In the past few weeks, the debate around coloured identity (particularly in relation to its stereotyping) has proven a popular topic in public conversation - sparked by Kuli Robert's article in the Sunday World.
The recent spate of debate around coloured identity has really got me thinking, what is the obscene underside of this all? What are we not seeing? Ostensibly, it all seems pretty obvious: a denial of the fact that “coloured people” make up a heterogeneous group, and should not be subject to the generalisations encompassed in crude stereotypes. So we will (rightfully) make a big noise, and stamp up a fuss, when someone like Kuli Roberts or Jimmy Manyi inserts their voice into these often repeated ideas about coloured society. Why is this necessary? Because on a deeper level, ideas MAKE reality (or more particularly, people’s understandings of reality), and these understandings construct culture: either entrenching or destabilising norms. However, whilst these columns cause uproar, they emerge as a symptom of the real issue: all that lurks under the surface.

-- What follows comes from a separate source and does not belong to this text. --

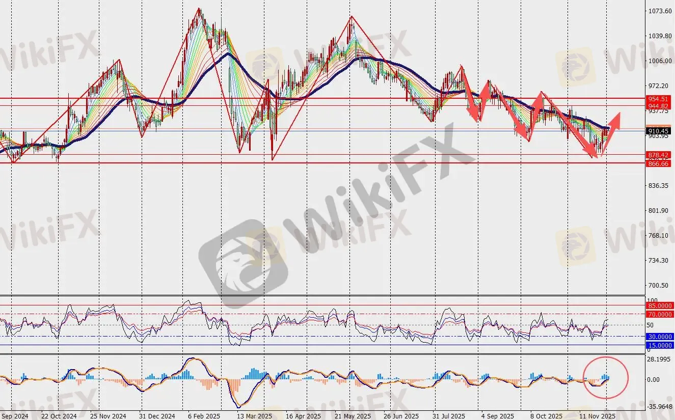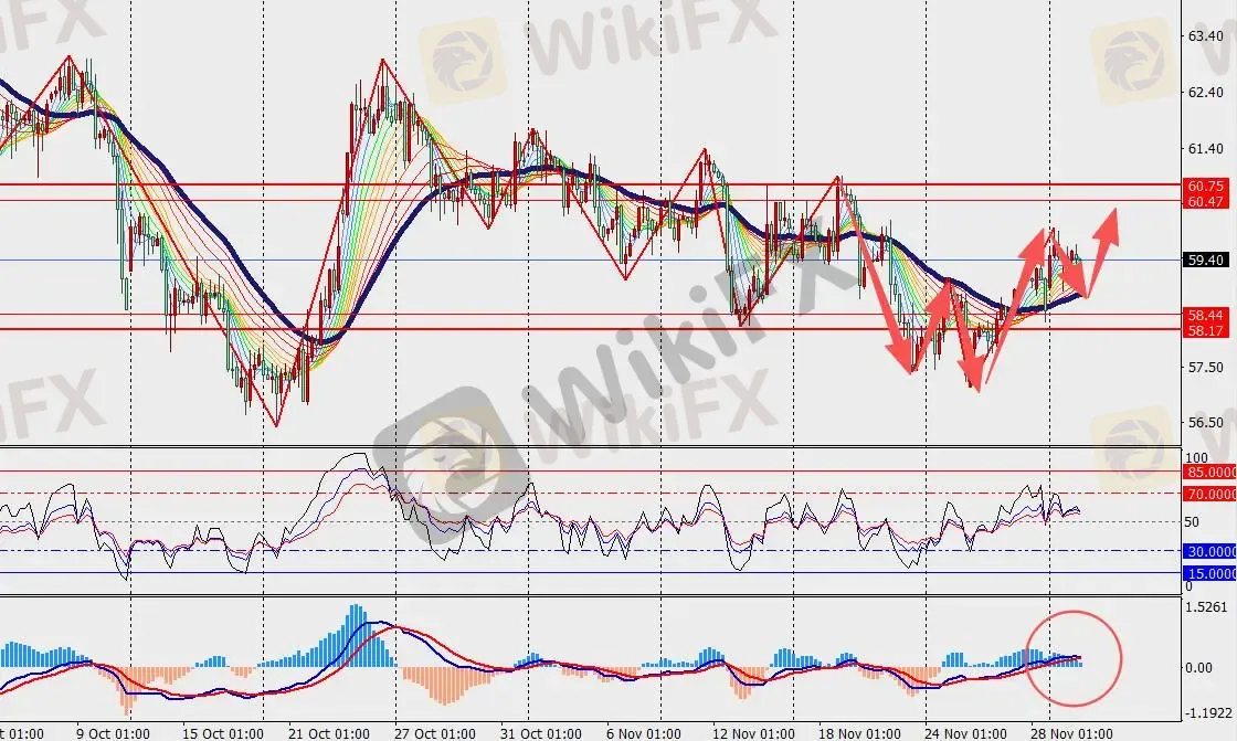 技术面:原油H4级别遇阻徘徊,并在48日多空分界线上方运行。另一方面,MACD双线和量能柱在零轴附近缩量。在此背景下,原油市场短期内的地缘溢价有所抬升,而需求端的不确定性仍使投机资金保持审慎态度。

The real issue here is the amount of airtime these stereotypes are unquestionably afforded. Just turn on your TV and you will find them within the advertisements we know, love and love to laugh at, in the subtle comments of random people, and (importantly) in daily interactions. We might want to call them “harmless reproductions”. But, these constant reproductions leave their residue within our minds, and soon that residue builds to form an image – a “face” of colouredness if you will. It might seem “harmless” to reproduce these, but again “ideas make reality”. And when the reality slaps us in the face, in the form of unqualified comments by Kuli Roberts, or anyone else, we speak out – but when do we confront the subtleties of these realities: the daily representations that are hard at work within the minds of people to form that self-same, unquestioned image of “the coloured”?.
So while some may want to call the recent debate a “storm in a teacup”, I have to wonder whether they are ignorant of the subtleties within representations of coloured people, or simply too disinterested in how these ideas continually manufacture a 2-dimensional identity, or just don’t care. Because from where I stand, that tea sure does leave a bitter taste in my mouth.